Bus accurate: Here the simulation accuracy is determined by the different phases that comprise a transaction. Typical phases in bus communication are request, address, data, and acknowledge. For most buses and also NoCs, this level of abstraction is sufficient to produce precise simulation results, since arbitration of request phases is considered independently of the other communication phases, so that, for example, a high priority master can cut of a lower priority transaction. While sufficient for communication simulation, the Bus Accurate (BA) level of abstraction does not support cycle-timed simulation of a whole SOC model, because masters and slaves are not aware of the individual time points when data chunks are sent and received. Thus, BA models are the ideal means for communication architecture exploration, but are not precise enough for the final verification of a fully integrated SOC model. The BA abstraction level sometimes is referred to as Programmer’s View Timed (PVT), which often causes confusion, since the term PVT has also been used for PV models which boast basic delay approximation features.
Cycle-count accurate: At the Cycle-Count (CC) level of abstraction each phase is further chunked into its individual data transfers. Thus, the number of clock-cycles necessary to complete a phase can be accurately calculated, and precise simulations of any SOC interconnect are rendered possible. Nevertheless, CC models perform considerably faster than native RTL models, mostly because the data and functionality used is typically “abstracted” to being more suitable to execute on a host platform, rather than being an accurate reflection of the hardware implementation.
Ambiguity and incompatibility
Interpretation of communication abstraction is ambiguous in the TLM fabrics we have reviewed. For example, OSSS channels in principle allow for cycle-count simulation of bus architectures, but the provided bus models do not support combinatorial arbitration of concurrent request. ST’s TAC package provides a PVT mode of operation delivering an accuracy somewhere between PV and BA. OSCI’s new TLM framework 2.0 (which currently is available for public beta review) basically supports all abstraction levels, but it is unclear how they should be implemented. Some PV level request and response data structures are defined, while those for timing are left to the user to determine (though the expectation seems to be that the PV level request and response structures would be re-used). IBM’s CoreConnect models only support a CC mode of operation, but from the documentation it does not become clear how accurate these models are. The OCP channel library provides the most comprehensive coverage of abstraction levels. However, the adapters by which OCP channels of different abstraction levels are connected are not made public, and different OCP configurations may result in incompatible behavior.
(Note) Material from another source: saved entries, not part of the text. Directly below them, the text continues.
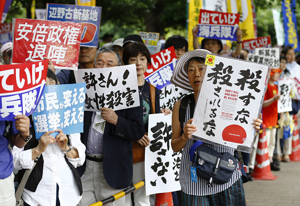 © AP Photo / Shizuo KambayashiПротесты против дислокации военных баз США в Японии. 2016 год
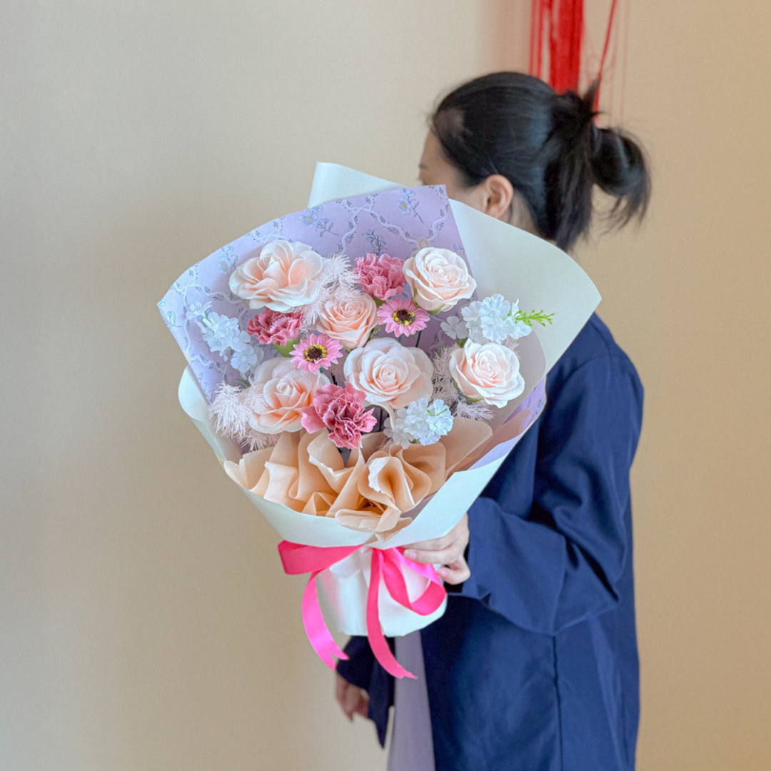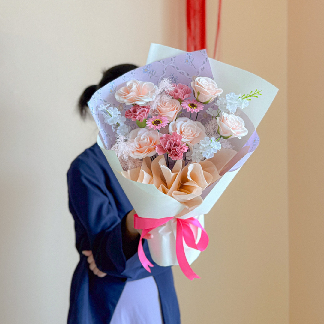 Soap flower is an ordinary bar of soap customized hand carved into a delicate of flower. Its look like fresh flower and lasting period is up to 2 years. You can use it as a room decoration or hand wash.
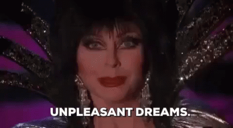 Elvira, Mistress Of The Dark, smiles and winks while saying her iconic line, 'Unpleasant Dreams.'
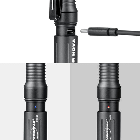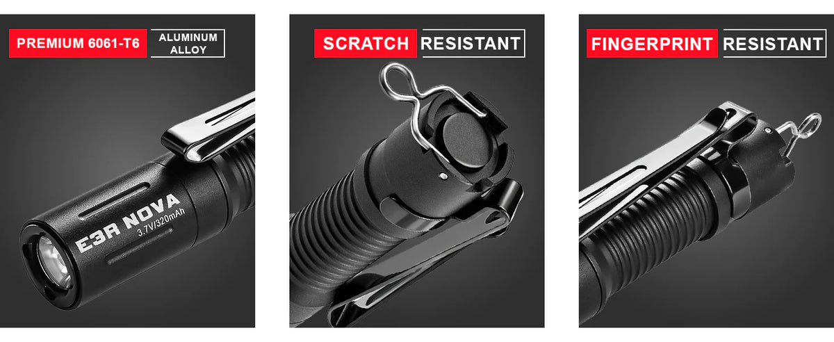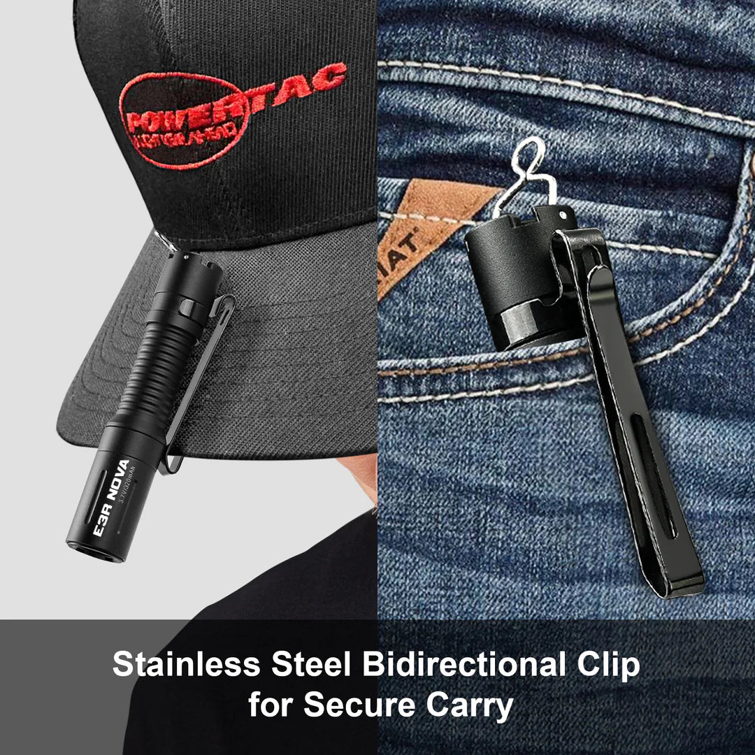 Built for enthusiasts, security professionals, and outdoorsmen alike, the Powertac E3R Nova is extremely easy to operate with all features accessible via a dedicated tail switch Even with a sub-compact frame measuring in just under 3.25", the E3R Nova is has all the design features one would expect from a Powertac light. The E3R Nova is machined from aero-grade aluminum alloy with a military grade hard-anodized finish, making it very lightweight, durable, and able to withstand any weather conditions. Being IPX-8 rated waterproof, the E3R Nova is the best sub-compact option for both EDC and tactical utility, and it comes with a removable bidirectional clip for hands-free transport and a handy attachment ring to clip on to anything.
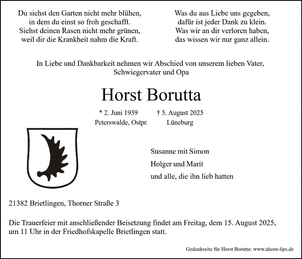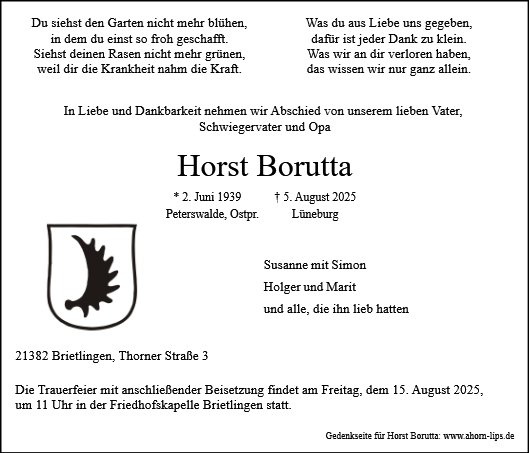 Aufrichtiges Beileid an die gesamte Familie von Horst Borutta, die Angehorign senden Rossmann, Krawczyk, Kłosowski und alle Freunde aus Peterswalde
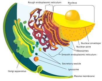 De nombreux types de cellules exportent des protéines produites par les ribosomes liés au réticulum endoplasmique rugueux. Les ribosomes réalisent la biosynthèse des protéines à partir des acides aminés et les protéines ainsi formées sont transférées à l'intérieur du réticulum endoplasmique pour y subir divers ajustements. Il peut s'agir de protéines transmembranaires, qui font partie intégrant de la membrane du réticulum endoplasmique, soit de protéines solubles dans l'eau, qui sont capables de traverser la membrane pour rejoindre la lumière du réticulum endoplasmique, où elles acquièrent leur structure tertiaire fonctionnelle. Des unités osidiques ou des polysaccharides peuvent être ajoutés, puis ces protéines sont transportées par le réticulum endoplasmique soit pour être sécrétées hors de la cellule, soit pour être traitées par l'appareil de Golgi[15],[17].
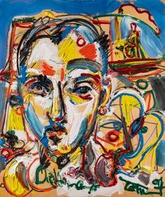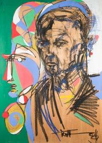 ö l auf Leinwand. 100 cm x 75 cm (R. 110 x 84 x 4 cm). Part. besch., Dellen. Rahmen.
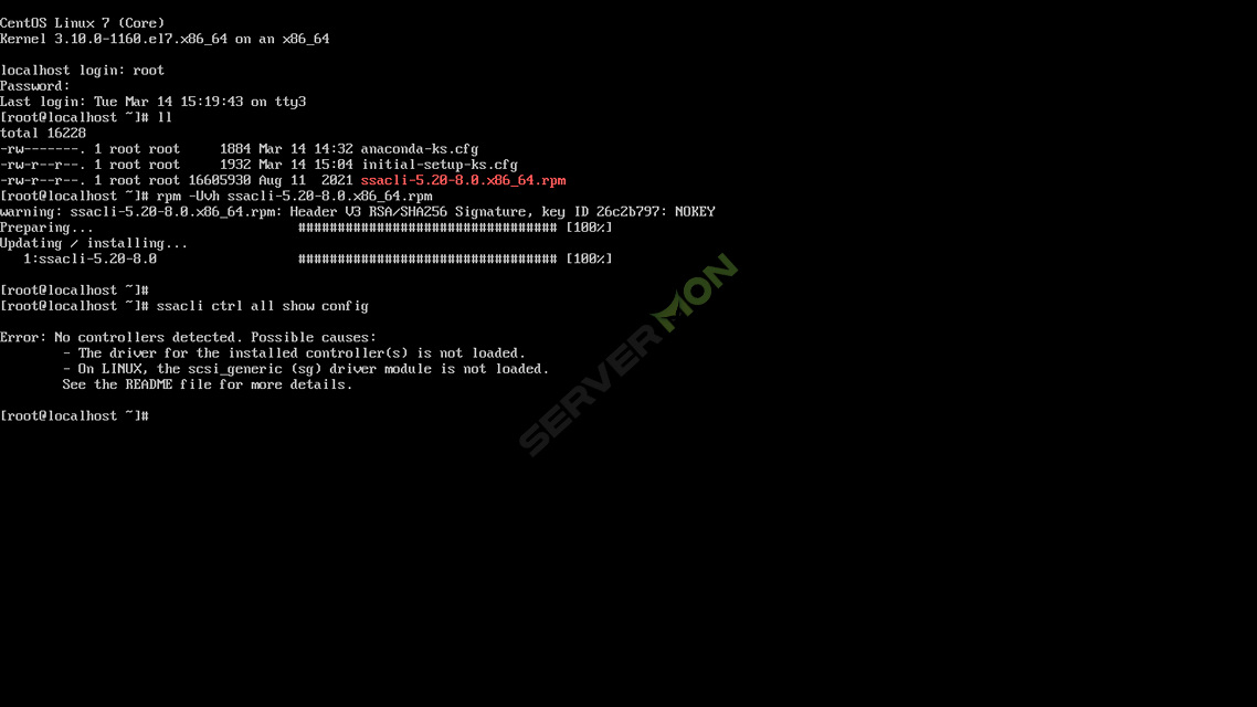 따라서 사진과같이 ssacli 명령어를 입력하면 컨트롤러가 확인되지 않는다는 에러문구가 출력됩니다.
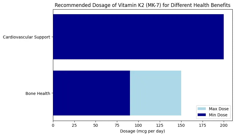 The recommended dose of Vitamin K2 (MK-7) typically ranges from 90-200 mcg per day, depending on individual health needs and specific product formulations.

The plurality of approaches results in the obvious problem that transaction-level models of different designers are not compatible. Moreover, even models created with the same TLM fabric may not fit together, because the designers used incompatible configurations or different levels of abstraction.
The whole extent of the problem becomes apparent when we take data abstraction into account. There is no standard for the representation of data in transactions. Many TLM fabrics allow for individual configuration of the transported data types by means of template parameters. Other frameworks use fixed data types in their interfaces. As a result, hoping for interoperability of transaction-level models designed by different companies today unfortunately seems futile.
The "Technical View"
Many techniques for the implementation of transaction-level communication have been proposed. In general, all TLM fabrics we have reviewed try to make the most of the features of the underlying system-level design language, that is SystemC or SpecC. The interface between modules and the TLM interconnect is realized by ports. Ports sit at the boundary of modules and can be bound to channels, thus providing a means for user processes to invoke channel functions by interface method calls on the port. That is, the channel implements the TLM API, and the port acts as intermediary in channel access.
While the first communication architecture models based on the model-port-channel approach (such as the “Simplebus” example that is provided with the open-source SystemC kernel) were quite simple in nature, today’s sophisticated bus and NoC simulation fabrics comprise dozens of interacting classes that are often built of complex and interwoven class hierarchies. Features include comprehensive transaction monitoring and debugging, global memory and register models, system-wide address space management, as well as extensive configuration capabilities. Thus, the original basic ports and interfaces are snowed under with extensions and modifications, of which makes clear why compatibility of different TLM fabrics is so hard to achieve.
GreenBus – towards a standard for TLM fabrics
We believe that significant productivity gains in TLM-based SOC design can be achieved if there would be industry-wide agreement on the fundamental techniques of TLM fabrics. Our research shows that, the part of the TLM fabric implementations that in fact needs to be standardized is surprisingly small. Experiments revealed that heterogeneous IP cores at different levels of abstraction, and with different convenience APIs, can work seamlessly together over various TLM interconnects if the following technical fundamentals are carefully considered:
- Data representation.
- Transport mechanism.
The outcome of this research is the open-source GreenBus framework for SystemC, which is based on the results of intensive and ongoing collaboration of numerous TLM designers in both industry and academia. In GreenBus, all pieces of information that are related to a transaction are stored in a transaction container (see Figure 2).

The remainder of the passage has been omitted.